Schließlich landete das neue Ding in meinem Briefkasten. "Wie lange noch?" stand da auf der ersten Seite einer Zeitung geschrieben, die jetzt so harmlos aussieht wie ein hanseatisches Christenorgan, nämlich wie das Deutsche Sonntagsblatt. In der gewandelten Zeit mußten vor allem die Redakteure ran, der erhöhte Zeilendurchschuß fiel genauso auf wie die kürzeren Texte und größeren Bilder. Roger de Weck ist Sprößling eines Bankers, der Mann hat im Elternhaus also zu wirtschaften gelernt. Oder anders: Es sieht nicht gut aus mit der Zeit, Ökonomiemisere allerorten. Anders ausgedrückt: "In Deutschland tut sich überall so viel, während im Staat und Sozialstaat, in Verwaltung und Bildungswesen viel zuviel stillsteht - die öffentliche Hand bremst, statt zu gestalten. Reformen der staatlichen Strukturen sind überfällig." (Roger de Weck)

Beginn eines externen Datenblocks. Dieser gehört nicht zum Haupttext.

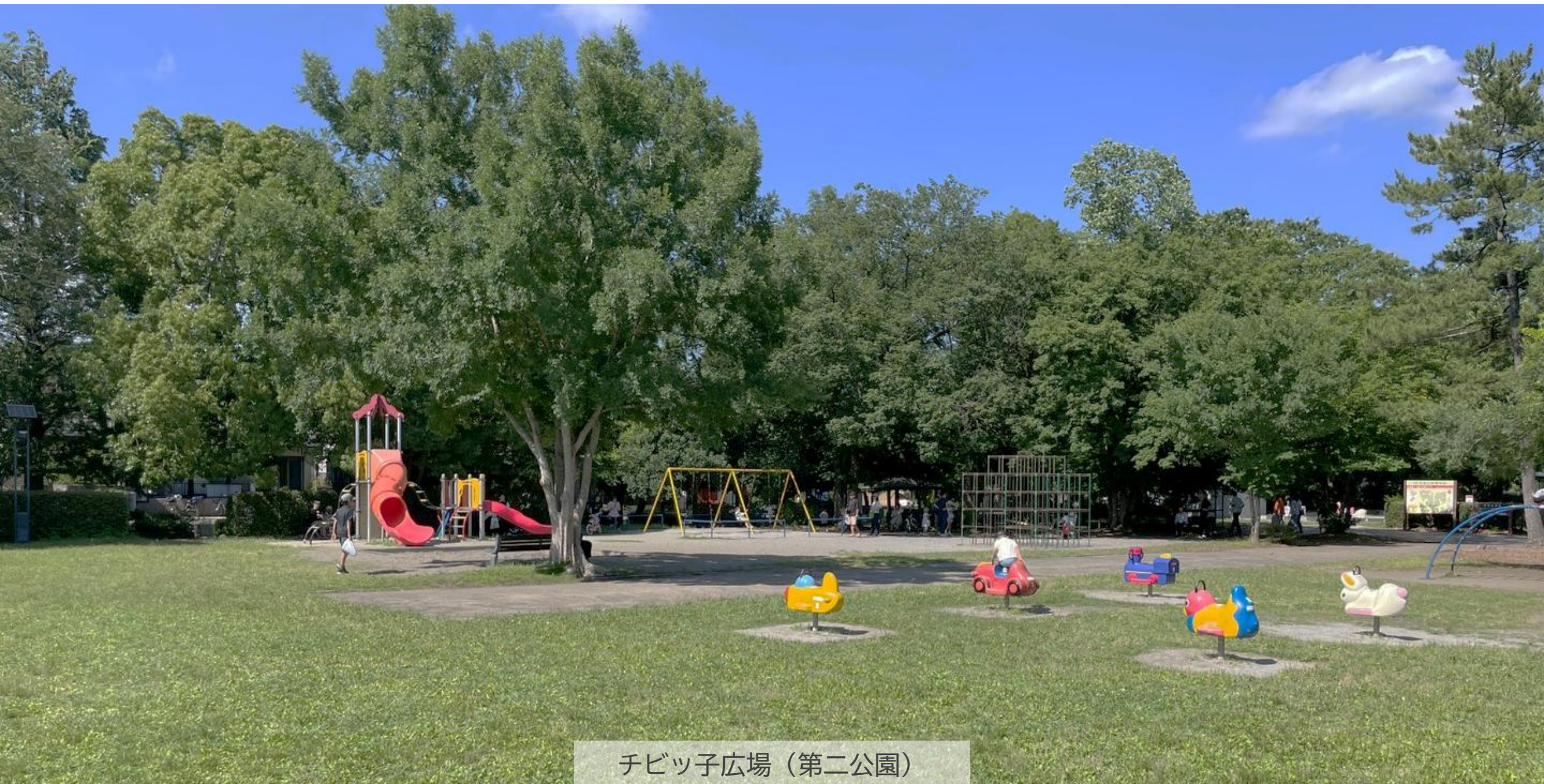
チビッ子広場（第二公園）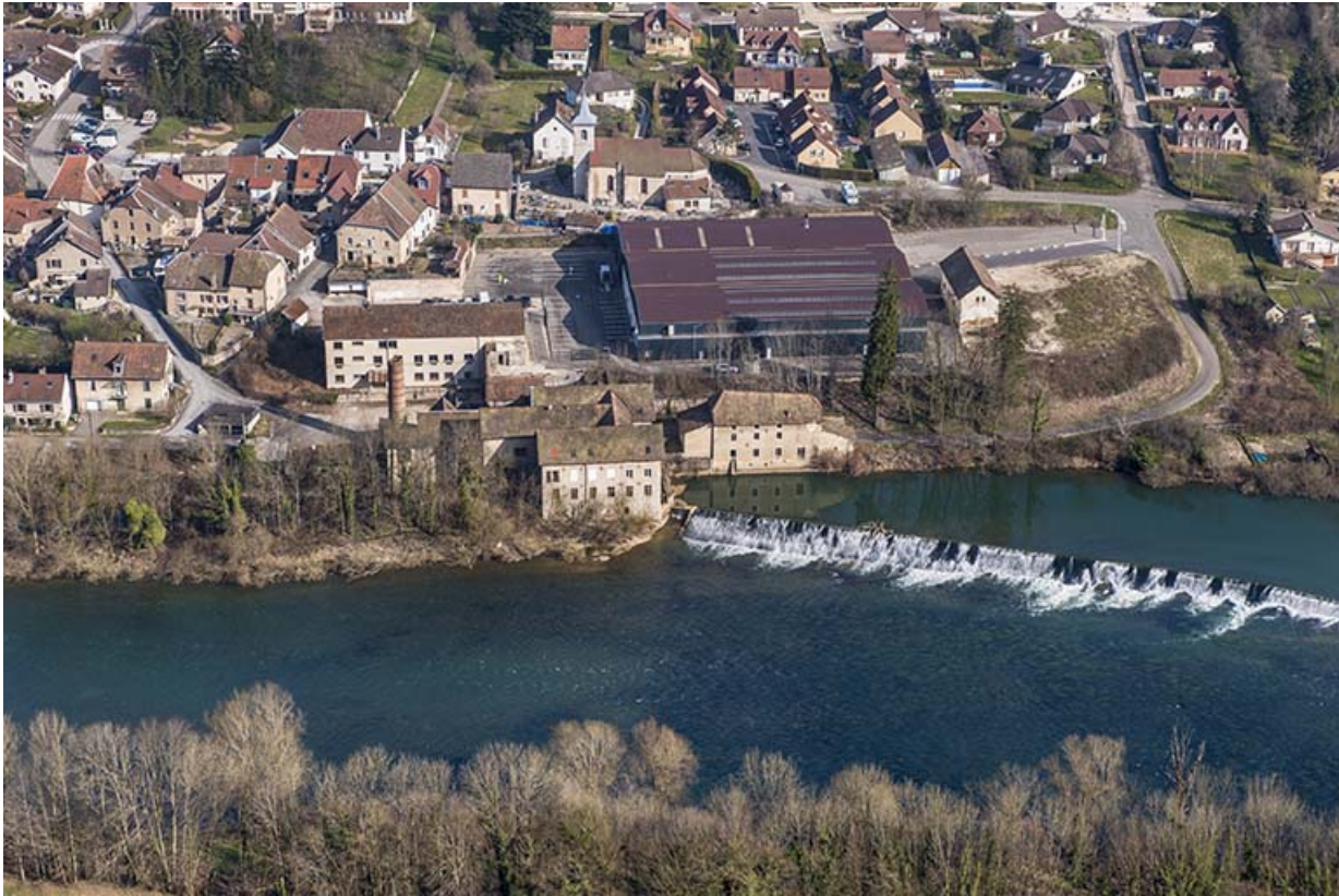
Vue d'ensemble plongeante depuis le sud.

"This is made with viel Liebe", soll de Weck über die Arbeit des Gestalters Mario Garc'a gesagt haben. Was neu ist, kann nicht gerade begeistern. Weder das deplazierte Bremer Stadtwappen auf jedem Ressortkopf, das "Etwas Besseres als die Zeit findest du allemal!" kräht, noch die Bilder der Autoren zum Ausschneiden und Sammeln und schon gar nicht die Rastermarken, die wie stilisierte Hasenfüße aussehen und eine feste Rubrik ankündigen sollen. Daß man auch etwas mutiger relaunchen kann, hat die Berliner Zeitung vorgemacht, und nach der Lektüre ihrer besseren Seiten kann man ohnehin darauf verzichten, auch noch die entbleite Wochenzeitung zu lesen.

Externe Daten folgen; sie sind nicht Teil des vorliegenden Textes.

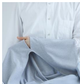
内側にある袋に患側の腕を通す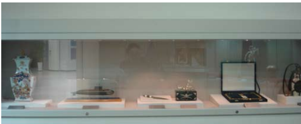
總統文物展覽廳內陳列來自世界各國贈送之文物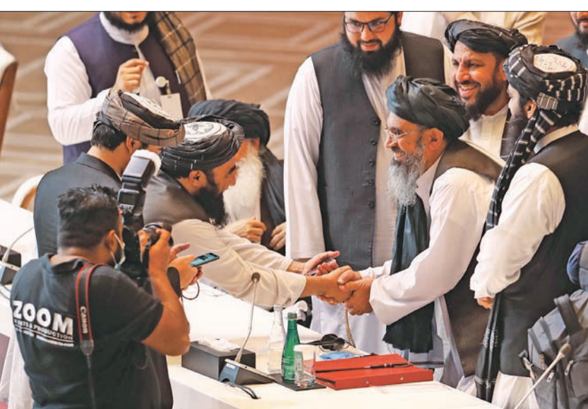
مصافحة بين عناصر وفد «طالبان» قبيل انطلاق المباحثات في الدوحة أمس

انطلقت في العاصمة القطرية، أمس، مفاوضات، هي الأولى من نوعها، بين الحكومة الأفغانية المدعومة من الغرب وحركة «طالبان» التي أزاحها الغزو الأميركي لكابل، بعد هجمات 11 سبتمبر عام 2001. وفي مستهل المباحثات التاريخية والشاكلة، دعا الوفد الحكومي برئاسة عبدالله عبدالله إلى وقف إنساني فوري لإطلاق النار، مشيراً إلى رغبة كابل في التوصل إلى «اتفاق سلام ينهي 20 عاماً من سفك الدماء». لكن عبدالله حذر من أنه «عندما تم التوصل إلى اتفاق بين أميركا و«طالبان»، في فبراير الماضي، كان الشعب يأمل سلاماً دائماً، لكن لسوء الحظ منذ ذلك الحين، قتل أكثر من 12 ألف أفغاني وأصيب أكثر من 15 ألفاً في موازاة ذلك، أكد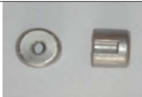
Tassello M10 h=26 d=30 mm per tubo Al d=35 Cod. 31299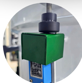
COM SENSOR DE SEGURANÇA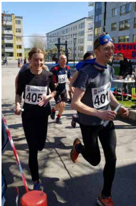
Två lag som ser ut som ett i dagens stafett – de har i alla fall var sin pinne.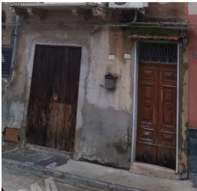
FOTO 2 - Veduta del portone d'ingresso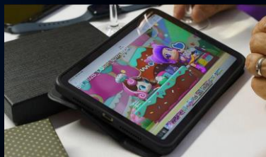
2 inscriptions à la vidéotheque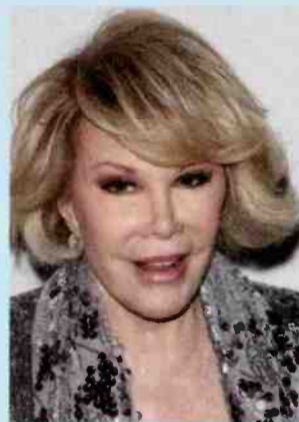
↑ ג'ואן ריברס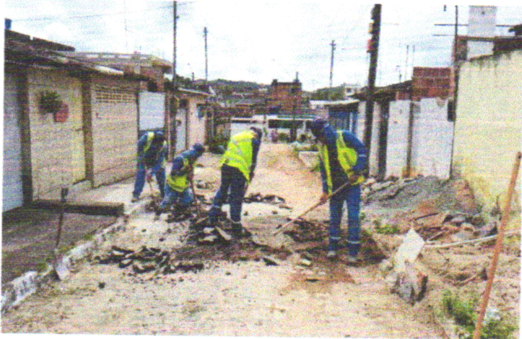
RUA DOS LÍRIOS

"Schöner lesen!" lautet zwar das Motto von Mario Garc'a, aber da ich die Aufsätze von Theo Sommer, Robert Leicht und Christoph Bertram nie studiert habe, vermag ich auch über den angeblich gesteigerten Lektüregenuß wenig auszusagen. Zwei Sätze Sommers reichten in der Regel aus, um weiterzublättern, zum Beispiel auf die Medienseite, nach der man in der relaunchten Zeit allerdings vergeblich sucht. Sie wurde praktischerweise eingeweckt.